## What you have to do
Beginning at the line containing "Hirvenpää jewelry designed", give again every line through the end of the data, unchanged and with both ends included. Drop any pictures.

## The data
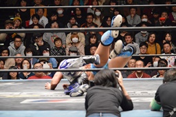HARASHIMAをリングに戻すとスワンダイブエルボー(左写真)、カウント2。
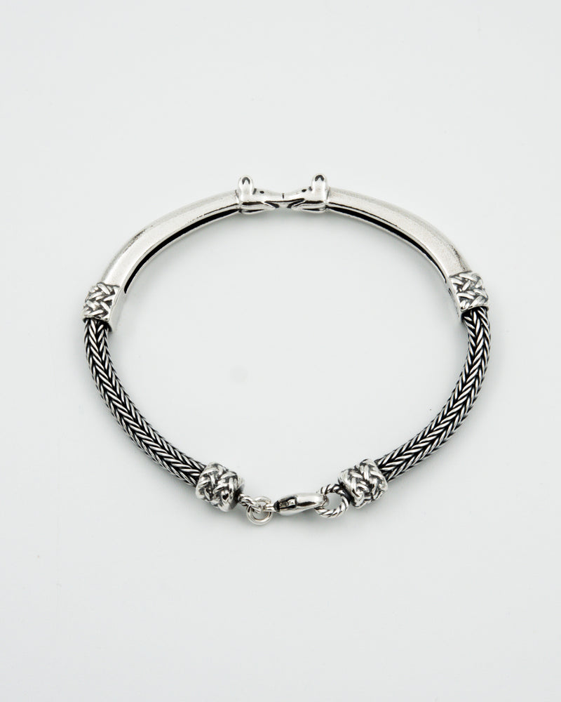 Hirvenpää jewelry designed by Tony Granholm celebrated the beginning of the new millennium. The model of the jewelry has been a moose's head found in Säkkijärvi, which was found in stone by skillfully carving and grinding, and which is dated to the Neolithic Stone Age. The inner diameter of the bracelet at the widest point is approx. 60 mm. Parrot lock.
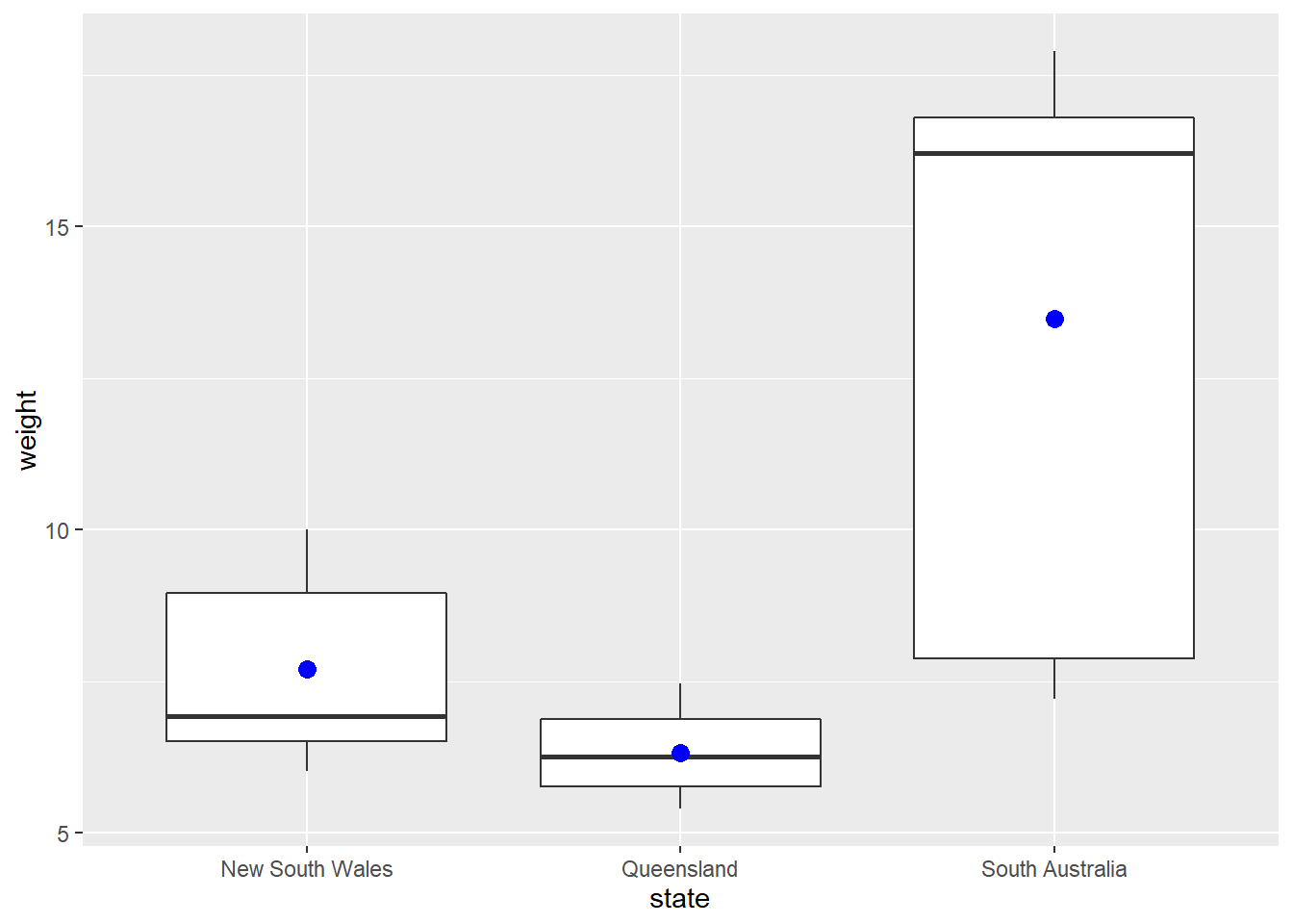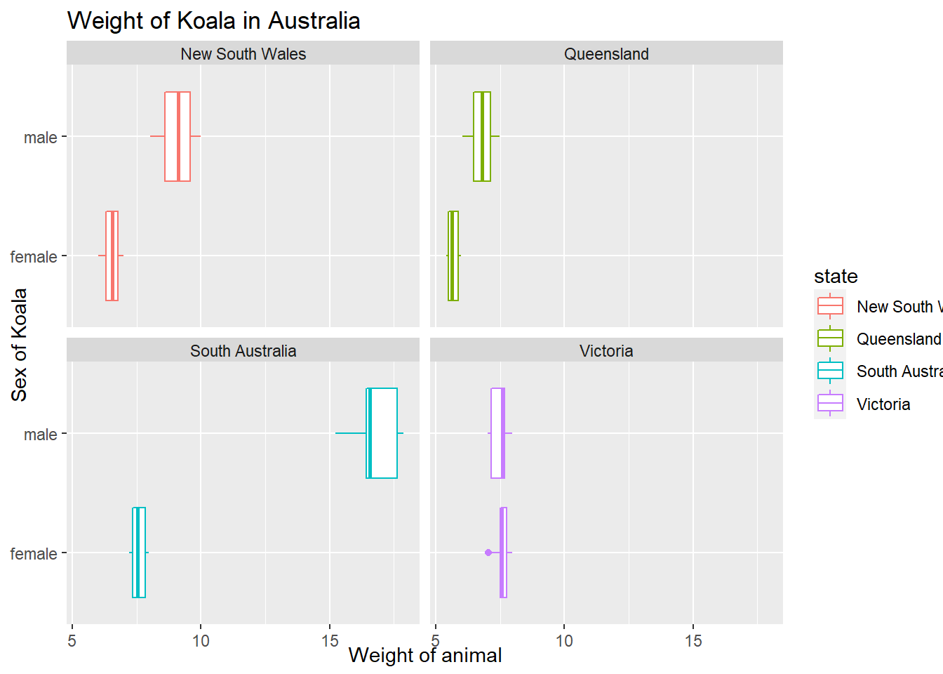 - plot the weights of koalas from all states except Victoria as a boxplot!

## Solution for this exercise
 Hirvenpää jewelry designed by Tony Granholm celebrated the beginning of the new millennium. The model of the jewelry has been a moose's head found in Säkkijärvi, which was found in stone by skillfully carving and grinding, and which is dated to the Neolithic Stone Age. The inner diameter of the bracelet at the widest point is approx. 60 mm. Parrot lock.
 - plot the weights of koalas from all states except Victoria as a boxplot!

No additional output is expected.